Sketching with the pen was an interesting experience: drawing with short strokes generally worked well, but longer and somewhat faster pen strokes would often skip. Drawing by hand is typically a flurry of rapid pen strokes, thus in order for the Targus Pen to offer value to someone interested in sketching it must necessarily be able to keep up with quick strokes.
Text entry however was pretty easy and once done, the use of the pen with the onscreen keyboard became fluid and to me intuitive. Once a user configures Windows 8 for touch/pen entry, Windows provides a taskbar icon to bring up and use its own onscreen keyboard.While switching back to the physical keyboard might be faster for typing out longer missives, the pen felt ideally suited for quick text entry, e.g. passwords, web searches, naming/renaming files and folders and so forth.
Step 1: On the login screen, tap the Accessibility icon circled in red located in the lower left screen. I did discover a handy trick for new pen users (like me) relating to Windows login: to use the pen to log in to Windows without using a keyboard, do the following steps …
Step 2: Tap the “On-Screen Keyboard” text
Step 3: Tap CTRL-ALT-DEL (if necessary) and enter user/password as necessary to log in using the Targus Pen.
Obviously, for most laptop users a physical keyboard will already be available, but this method enables pen users to not have to put the pen down once the OS loads up.

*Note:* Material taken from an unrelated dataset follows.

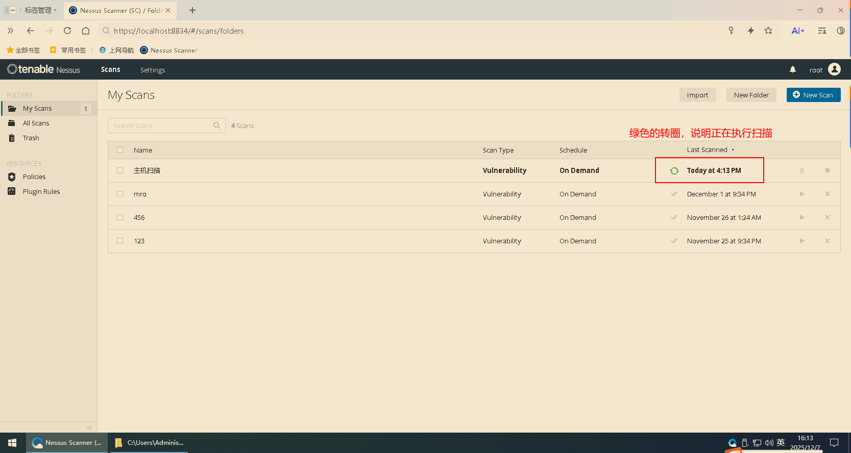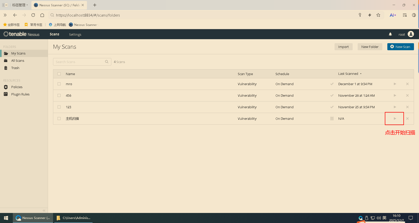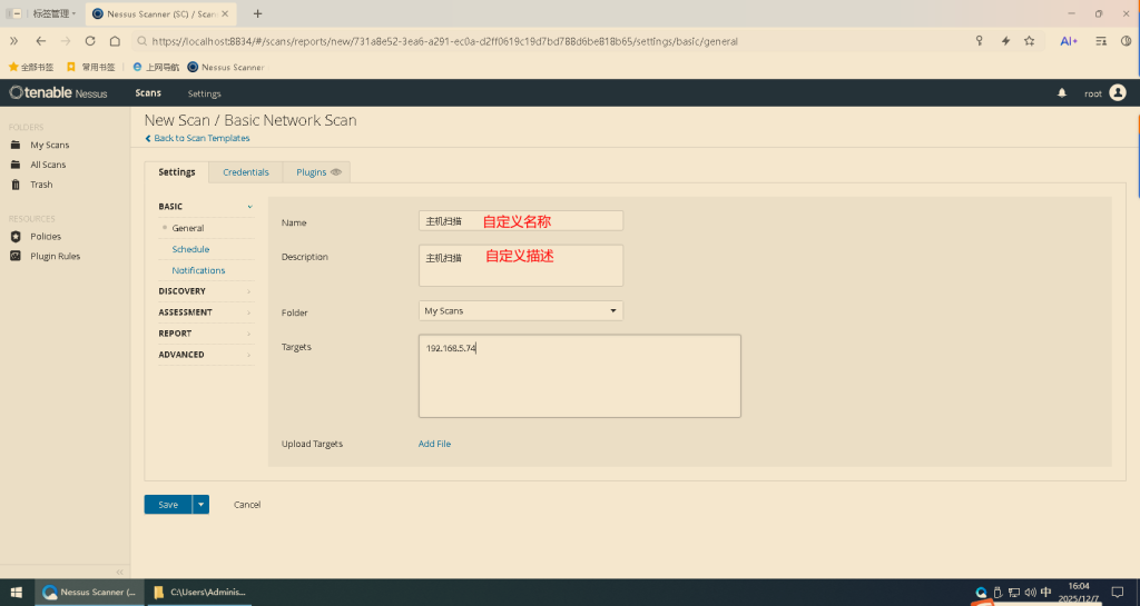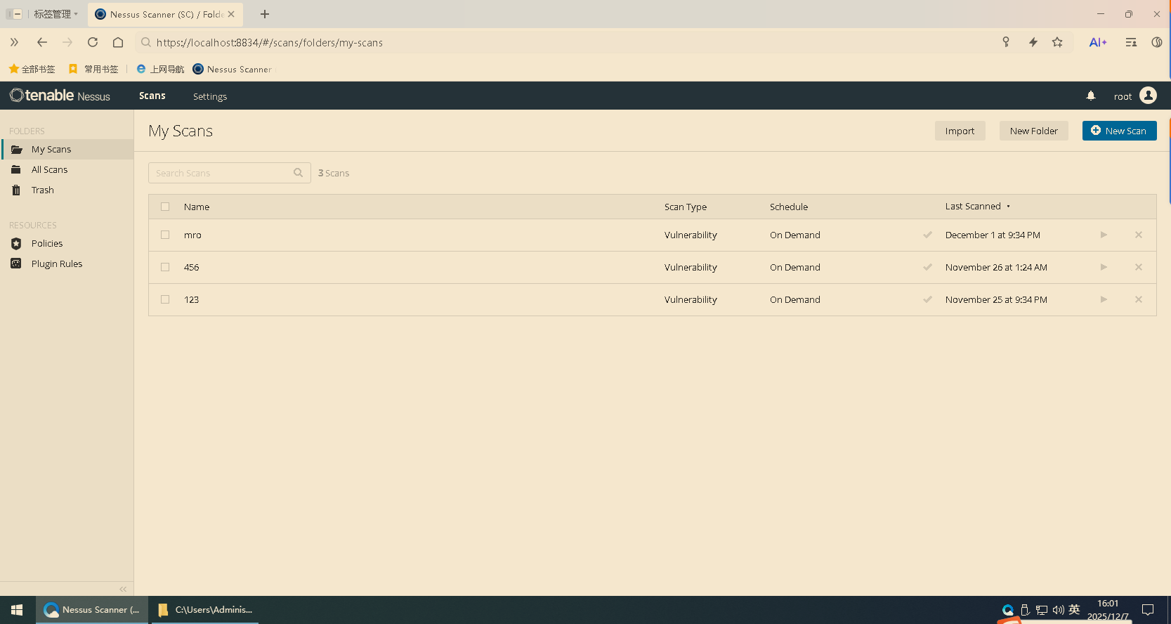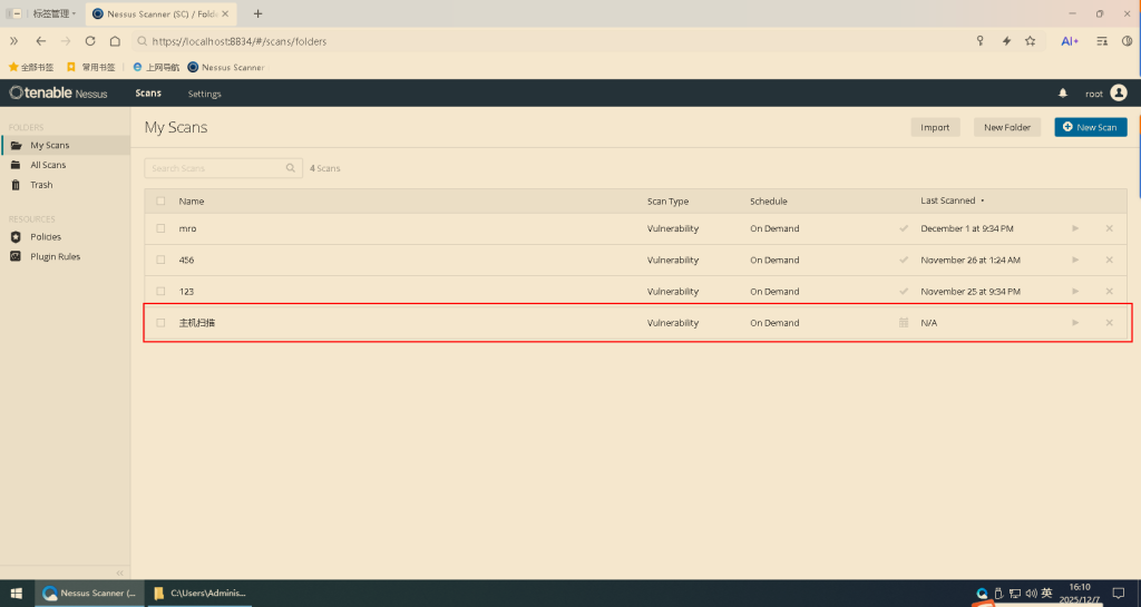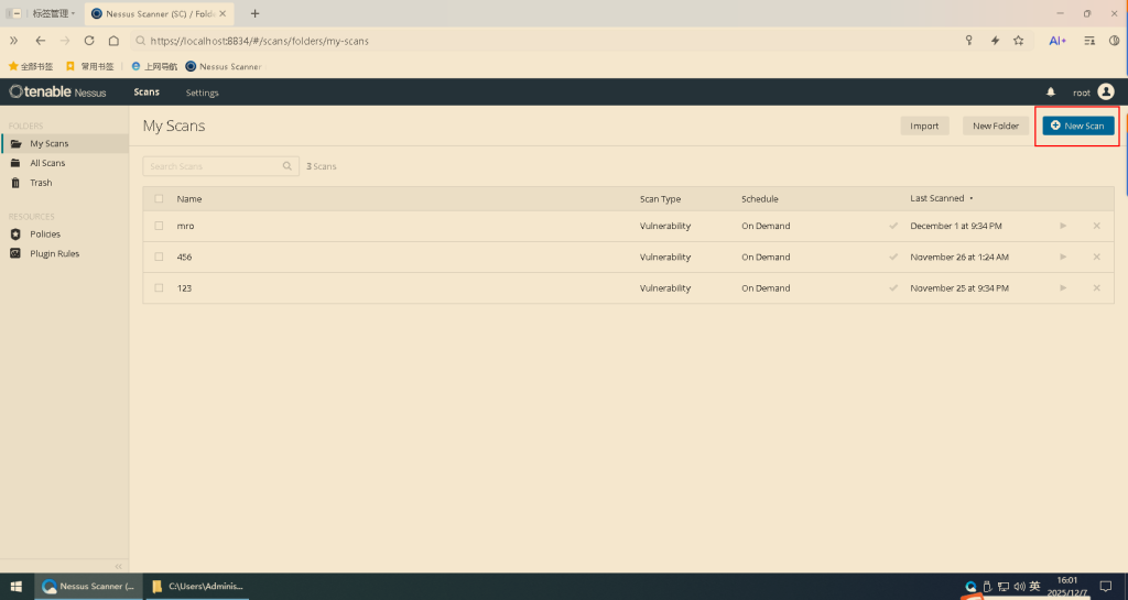 1.打开Nessus工具(版本不限)(https://localhost:8834/):

In general, my feelings on the Targus Touch Pen for Windows 8 are decidedly mixed. The pen offers a great way for bringing a semblance of touchscreen functionality to laptops running Windows 8 lacking a true touchscreen. Apps can be launched, screens can be swiped, users can zoom in and out of web pages and maps, the charms menu is accessible—in short, you can do much of what you can do with your fingers on a native Windows 8 touchscreen-capable device. Where the pen fell short for me is that it does not quite fully emulate the experience, or at least is not reasonably consistent in reproducing the experience. Part of this might be bias on my part: I have had the luxury of being able to use a number of Windows 8 native touchscreen-capable devices, so I already had functional expectations set. That aside, few of the key features that make Windows 8 finger friendly can’t be done as effectively, as in the speedy, convenient navigation around the Modern interface in the areas of task management and app switching. If I use the pen but have to put the pen down and switch to my mouse to activate a navigational feature that can be done using a finger on a true touchscreen, this becomes a problem juggling multiple pointing devices. If Targus can tweak the pen/receiver combo to better handle the screen edge detection behavior and tracking of faster pen movement, this will be a superb product.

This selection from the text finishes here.